Calculating the area of a polygon can be simple if it is a figure such as a regular triangle, or very complicated if you are dealing with an irregular shape with eleven sides. If you want to know how to calculate the area of polygons, follow these instructions.
Steps
Part 1 of 3: Finding the Area of a Regular Polygon Using Its Apothem
Step 1. Write the formula to find the area of the regular polygon
It is: area = 1/2 x perimeter x apothem. Here is the meaning of the formula:
- Perimeter: the sum of the lengths of all sides of the polygon.
- Apothem: the segment perpendicular to each side that joins the midpoint with the center of the polygon.
Step 2. Find the apothem of the polygon
If you use the apothem method, its length could be provided in the problem data. Let's say you are calculating the area of a hexagon with an apothem of 10√3.
Step 3. Find the perimeter of the polygon
If this data is provided to you by the problem, then you do not have to do anything else, but it is more likely that you will have to work a little to get it. If you know the apothem and you know that the polygon is regular, there is a way to derive the length of the perimeter. That's how:
- Consider that the apothem is "x√3" of one side of a triangle 30 ° -60 ° -90 °. You can reason in this way because the regular hexagon is made up of six equilateral triangles. The apothem cuts the triangles in half, creating triangles with internal angles of 30 ° -60 ° -90 °.
- You know that the side opposite to the angle of 60 ° is equal to x√3, the side opposite to the angle of 30 ° is equal to x, and that the hypotenuse is equal to 2x. If 10√3 represents "x√3," then x = 10.

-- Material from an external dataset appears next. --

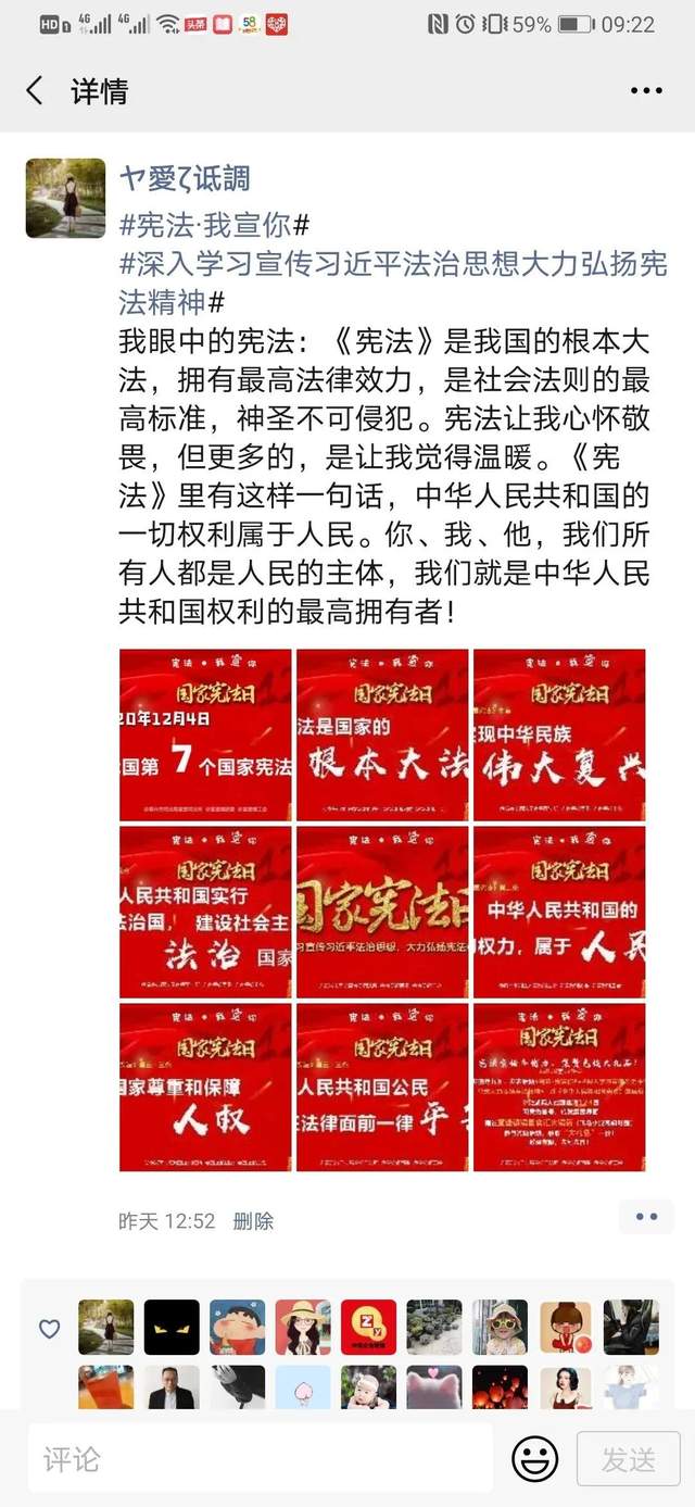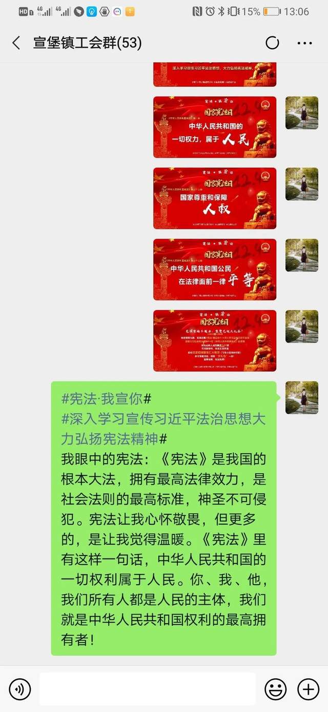 为深入学习宣传贯彻法治思想,大力弘扬宪法精神,宣堡镇以第七个国家宪法日为契机,结合工作实际,积极探索研究,创新活动形式。利用微信APP,动员辖区职工群众带话题发表自身对《宪法》的感悟与认识,以集赞的方式兑换“法治大礼包”。通过“发朋友圈”发动群众力量参与宪法宣传,“集点赞数”扩大宪法宣传影响力,利用“一传十、十传百”的多米诺效应凝聚“我国现行宪法是一部好宪法”的社会共识。其中Mr . L、故渊、木易楊等124名职工通过转发话题、表述感悟率先集满124个赞,并顺利通过宪法知识大闯关,成功兑换“法治大礼包”。据不完全统计,宣堡镇共有630余名职工参与转发活动,点赞人次累积高达36000人次。

- You know that x equals half the length of the base of the triangle. Double it to find the full length. So the base is equal to 20. There are six sides in a regular hexagon, so multiply the length by 20 by 6. The perimeter of the hexagon is 120.
Step 4. Enter the apothem and perimeter values in the formula
The formula you need to use is area = 1/2 x perimeter x apothem, putting 120 in place of the perimeter and 10√3 for the apothem. Here's how it should look:
- area = 1/2 x 120 x 10√3
- area = 60 x 10√3
- area = 600√3
Step 5. Simplify the result
You may be asked to express the result in decimal form instead of the square root. You can use the calculator to find the value of √3 and then multiply it by 600. √3 x 600 = 1, 039.2. This is your final result.
Part 2 of 3: Finding the Area of a Regular Polygon Using Other Formulas
Step 1. Find the area of a regular triangle
To do this you have to follow this formula: area = 1/2 x base x height.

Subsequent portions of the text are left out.